Far away, at the northern edge of the city, a bell began to clang faintly. Tara's blood ran cold. The sound was picked up immediately by other watchtowers, and then the criers in the quarters, a panicked cacophony of screaming metal. The streets turned to chaos as citizens began to run, some screaming, some seizing planks of wood or clay amphorae, whatever cheap weapon was at hand until they got to their homes. The bulk of the soldiers were in the better areas, so there was no comforting rush of boots on the pitted cobbled street.

And then the screams changed, and Tara froze for a moment at the completely new wail of terror. It was almost animalistic: people's senses left them, and the only thing left behind was pure primal fear. Tara started to run as the first immense black forms blew like a black wind into her neighborhood, with a speed and agility belonging more to wolves than Men. She couldn't name the thing: it was no Man, but a monster, and twice the size of an Orc.

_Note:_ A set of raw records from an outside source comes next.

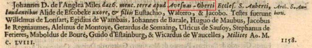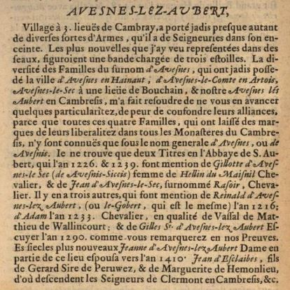 « De gueules à trois lions d'argent couronnés d'or » tels sont les armes de la commune d'Avesnes-les-Aubert. Ces armoiries sont issus de l'appartenance de la commune aux seigneurs d'Ésclaibes. En 1429, un certain Jean d'Avesnes meurt célibaire léguant ses biens à sa soeur aînée, Jeanne d'Avesnes. En 1906, cette Jeanne avait épousé Jean d'Ésclaibes, petit fils de Gérard d'Ésclaibes, grand bailli du Hainaut en 1364 ; c'est ainsi que la seigneurie de Clairmont et de Prayelle et son fief adjacent d'Avesnes-les-Aubert et de Boussières s'unirent à la seigneurie de Peruwelz-lez-Busigny, de Helgies et du fief du château de Solesmes de la maison d'Ésclaibes (d'où la présence de trois lions). Les bien que possédait Jeanne d'Avesnes sur le terroir d'Avesnes-les-Aubert comprennaient une tour, masure, courtil, jardin en 98 mencaudées de terre labourable, un moulin à vent et en cinq hommages dépendant du fief. Jeanne mourut en 1465 et fut enterrée dans l'église d'Avesnes-les-Aubert. Sa tombe de marbre située côté droit du grand autel se voyait encore avec ces mots : « cy gist demoiselle Jeanne, Dame Davesnes ».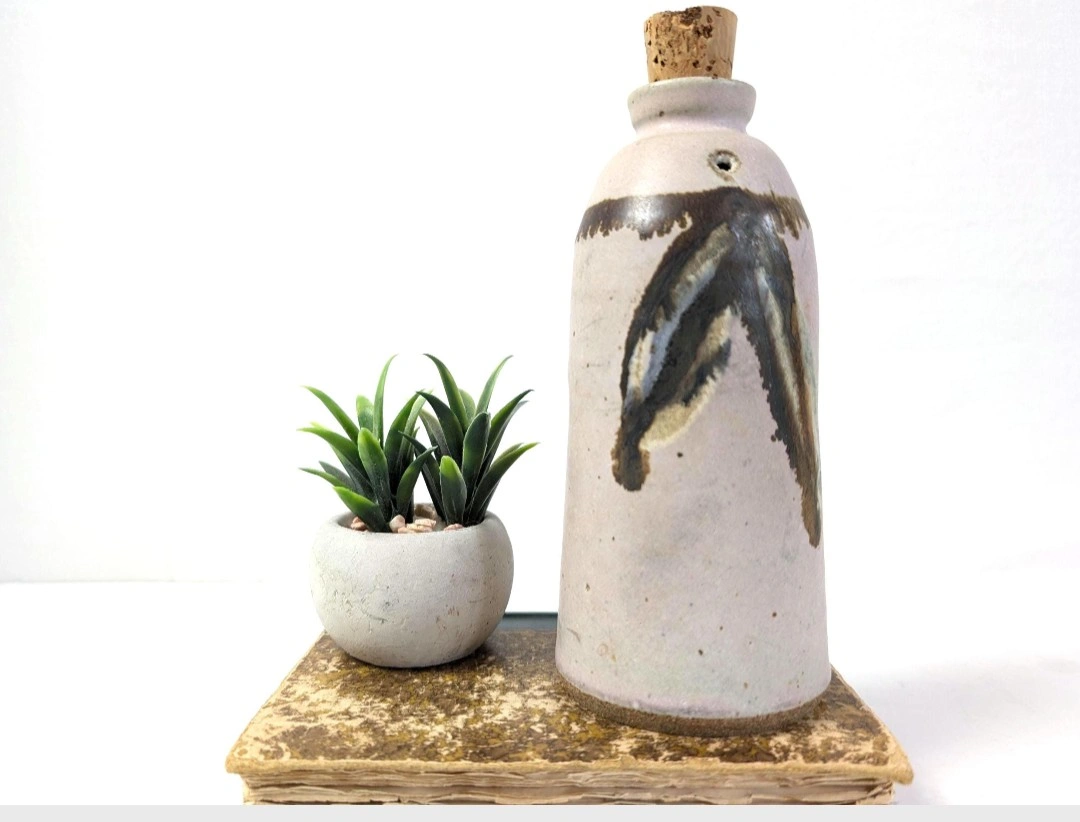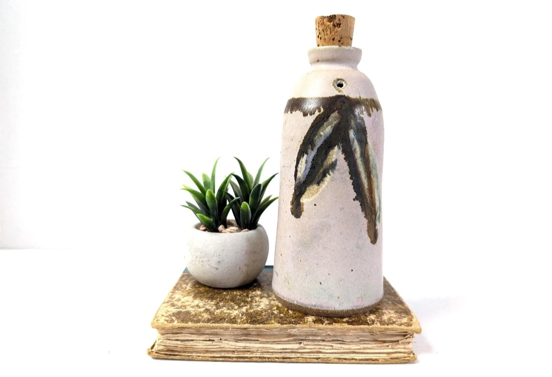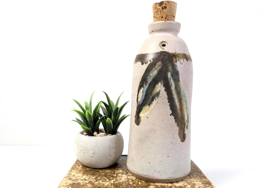 Pottery made cruet bottle. Glazed in neutral tones to suit any decor. Measures approximately 7 inches in height. It's Corked and has a small puncture hole on the neck of the bottle. I suspect this may be part of cooking process, however full disclosure, I'm really not sure. That being said, this little darling needs a new home. Good vintage condition. Excellent retro bohemian vibe. π PICK UP TOWNLINE HWY 2 AREA π CASH is preferred please π Thanks for looking π©΅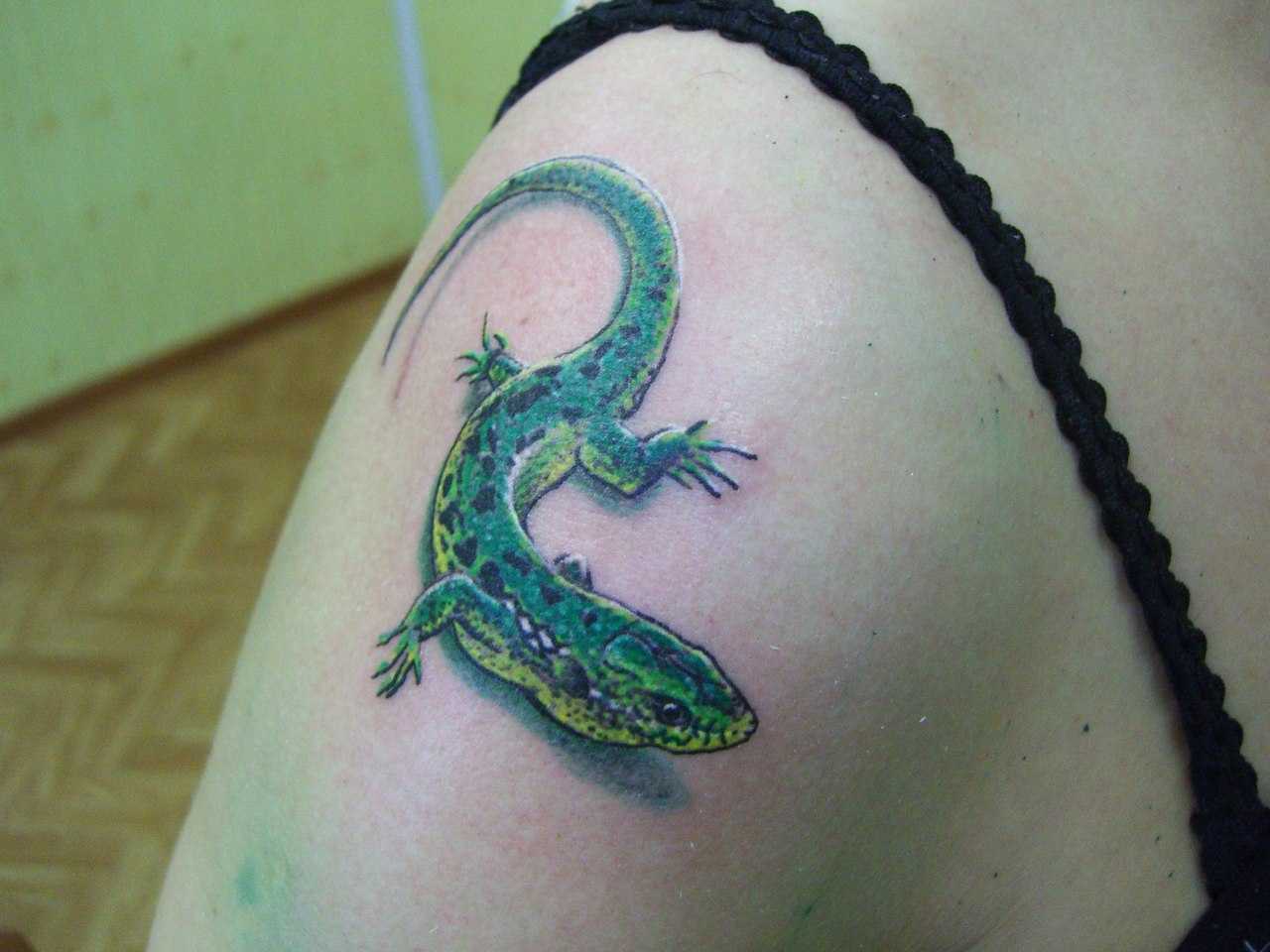 Тату с ящерицей известно достаточно давно и использовалось еще с древних времен. В большинстве случаев при создании татуировки ящерицу изображают в виде английской буквы «S», но, несмотря на это, татуировка может быть уникальной, ведь ящерицы могут иметь большое количество видов и цветовых решений.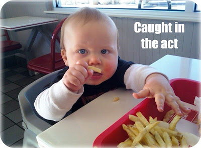 Cooper went to In-n-Out yesterday. It was his first trip. For his California raised Mama, this is a big deal. While there ... Coop discovered french fries. He kept stealing them from Shelby, Gwen and Miss Jamie (our nanny). He is eating everything he can get his little hands on. I suspect he'll hit the 30 pound mark sooner rather than later! He's one big and hungry little boy.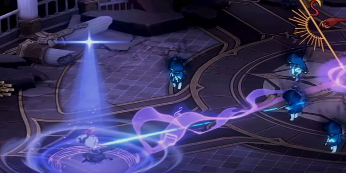 2、EX技能開演需6點COST,釋放后進入架槍狀態(tài),不可移動和普通攻擊,對敵人造成324%傷害,每穿一個敵人傷害降45%,共攻擊三次,最后一次傷害為680%且傷害固定。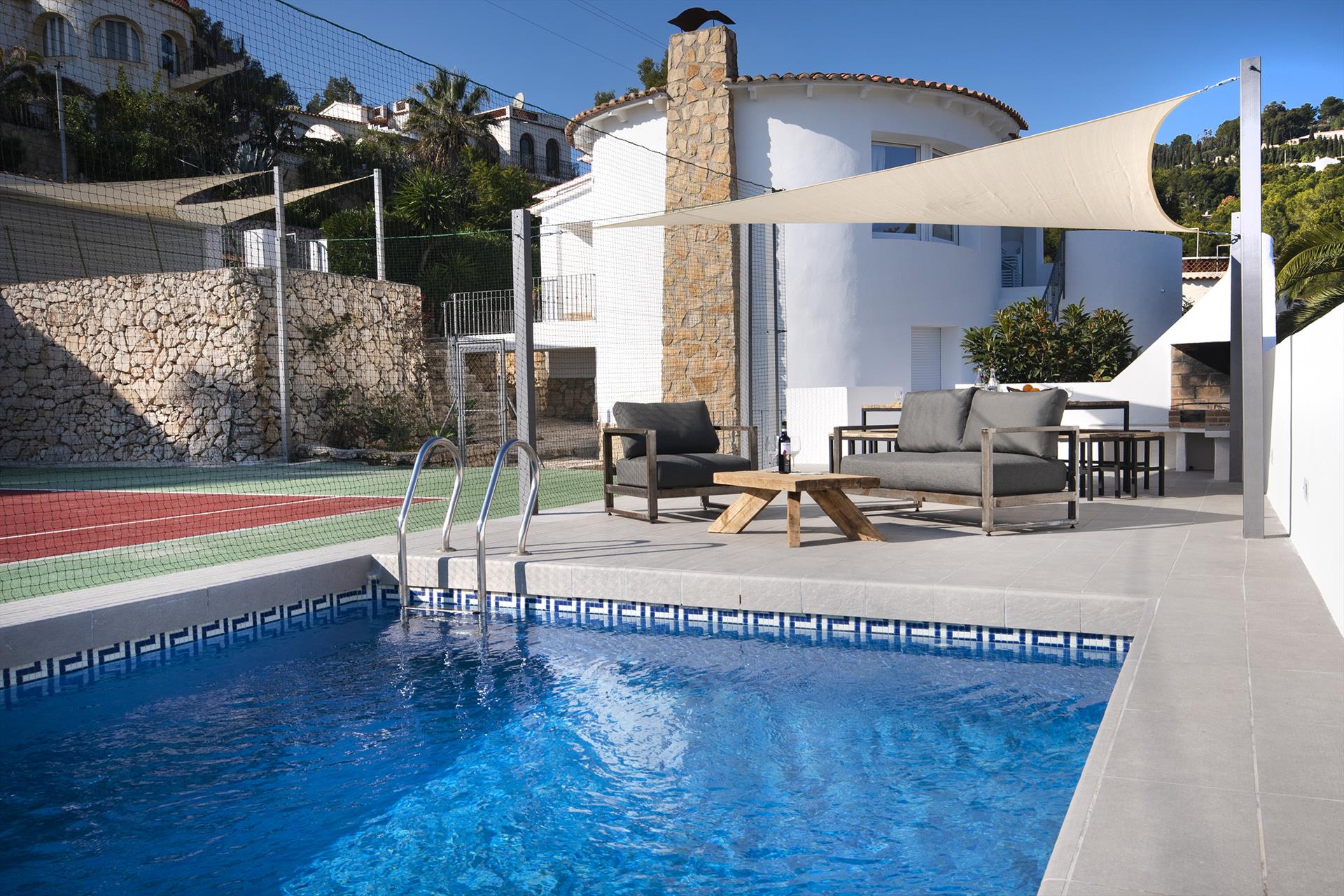 Moderne und freundliche Villa mit privatem Pool in Benissa, Costa Blanca, Spanien für 8 Personen. Das Haus befindet sich in einem Küsten- und Wohngebiet, in der Nähe eines Tennisplatzes, 2 km vom Strand Cala Abogat und 5 km von Moraira entfernt.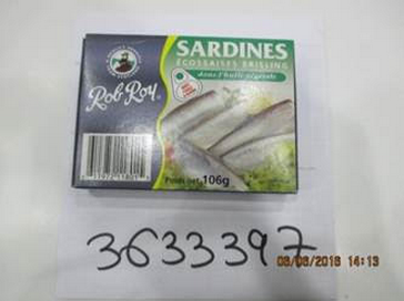 • Sardine ” Rob Roy” in ulei vegetal, 160 grame, stoc disponibil 10.000 de bucati, pret 0.46 euro/buc. Expira la data de 30/04/2018.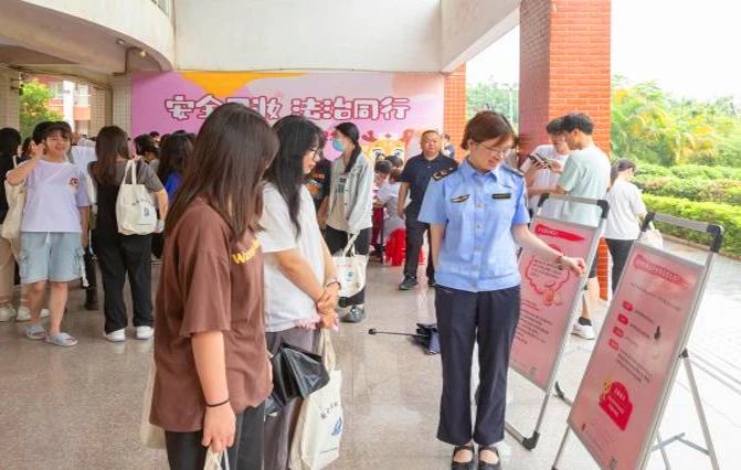 市场监管人员向师生发放《化妆品知识宣传手册》,提升青年学生的安全用妆意识和法治意识。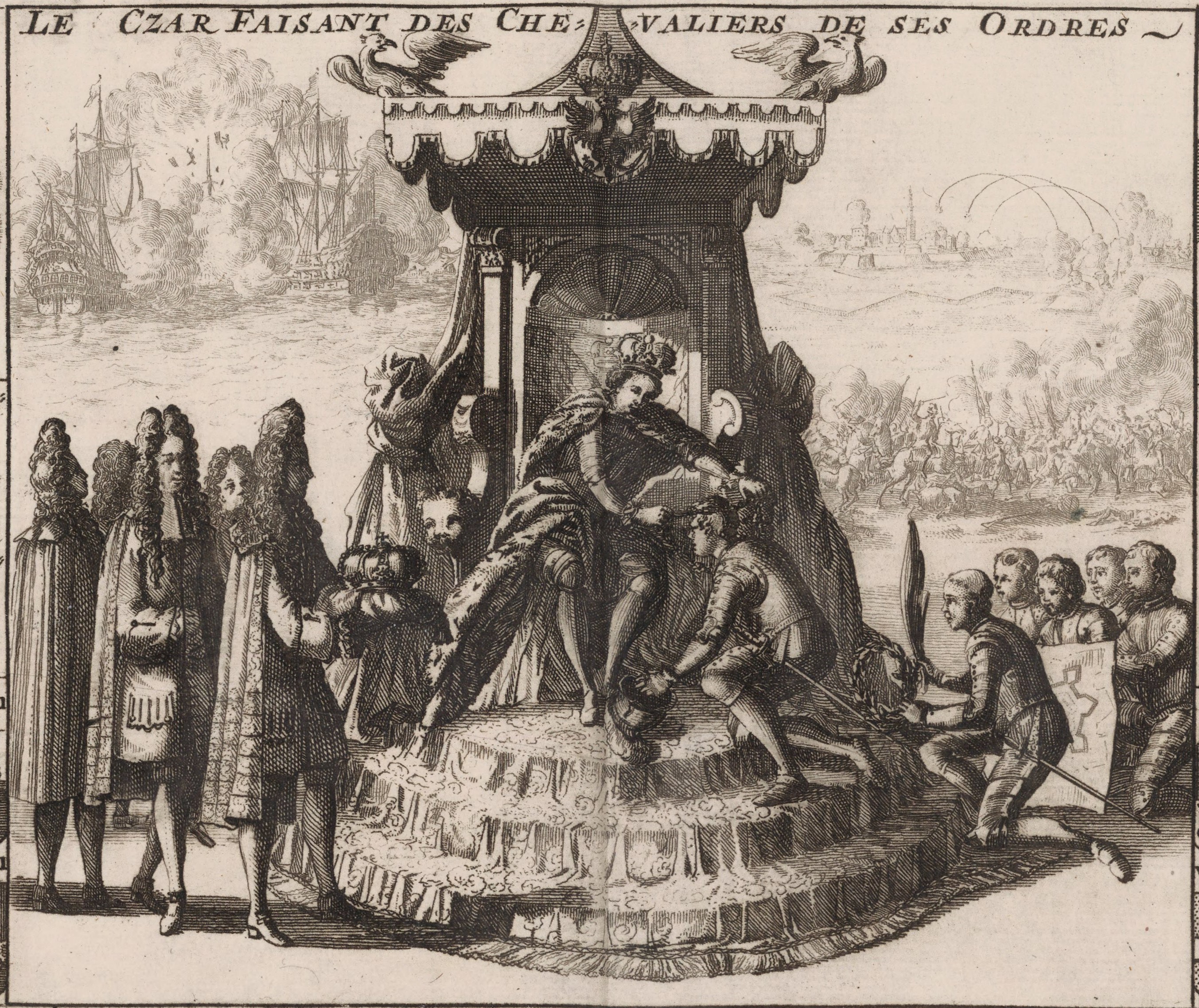IMAGE 29: The Tsar, surrounded by nobles. ‘Le Czar faisant des chevaliers le ses ordres’, engraved view from ‘Carte des ordres de chevalerie de Sa Majeste Czarienne, ses titres, l’etat de sa noblesse, profil de son palais et la vue de Moscow’, Tome 4, No. 34 [to accompany] Atlas Historique, Ou Nouvelle Introduction A l’Histoire, aÌ la Chronologie & aÌ la Geìographie Ancienne & Moderne : Repreìsenteìe dans de Nouvelles Cartes, OuÌ l’on remarque l’Etablissement des Etats & Empires du Monde, leur dureìe, leur chute, & leurs differens Gouvernemens … Par Mr. C.***. Avec des Dissertations sur l’Histoire de chaque Etat. Par Mr. Gueudeville. Amsterdam, chez l’Honore & Chatelain. Tome 1-7 (Amsterdam: chez les Freres Chatelain Libraires, 1714). Description: “First edition of this Historical atlas of the world, with new introduction to history and chronology and updated maps, in 7 volumes, dated 1714-1720. By Henri Abraham Chatelain and descriptive text for volumes I-VI, by Nicolas Gueudeville. … Volumes are bound in brown leather covers with gold-embossed on spine and title “Atlas Historique Tom …” stamped in gold. … The maps were accompanied by information pertaining to cosmography, geography, history, chronology, genealogy, topography, heraldry, and costumes of the world. … An ambitious and beautifully-presented work, the Atlas Historique was intended for the general public, fascinated in the early eighteenth century by the recently conquered colonies and the new discoveries. Distant countries, such as the Americas, Africa, the Middle East, Mongolia, China, Japan, Indonesia, etc., take an important place in this work. … Other sections deal with the history of the [E]uropean countries, and covers a wide range of subjects including genealogy, history, cosmography, topography, heraldry and chronology, costume of the world, all illustrated with numerous engraved maps, plates of local inhabitants and heraldic charts of the lineages of the ruling families of the time. … (From Paulus Swaen catalog)”. Dimensions: Object Height: 45 cm; Object Width: 53 cm. List Number: 13272.412. Pub List Number: 13272.000. Image Number: 13272412.jp2. David Rumsey Historical Map Collection. © 2000 by Cartography Associates. Attribution-NonCommercial-ShareAlike 3.0 Unported (CC BY-NC-SA 3.0).

Not too much father, she told herself, dashing madly for her door. She didn't even want to think about what it was now slaughtering people in the street behind her. There was a cruel, sneering, guttural roar mixed with the squealing of terrified pigs at butchering time. Only they were not pigs, but Tara's friends and enemies and neighbors. She didn't want to see, didn't want to know it. Tara skidded into her house and dropped the heavy oak and iron plank to bar her door. The house was one large room with a hearth on the first floor, with stone stairs leading up to a second story above. There were three small rooms divided by wooden walls on the second floor. In the last room another stone staircase led to the narrow rooftop. Behind the staircase was a false wall. Tara ran into that cold, tight, quiet place and pulled a grey blanket across the narrow gap of space. Anyone looking in would see nothing but stone. Tara, now in complete darkness, listening to the muffled slaughter outside, closed her eyes and counted her breaths to stay calm.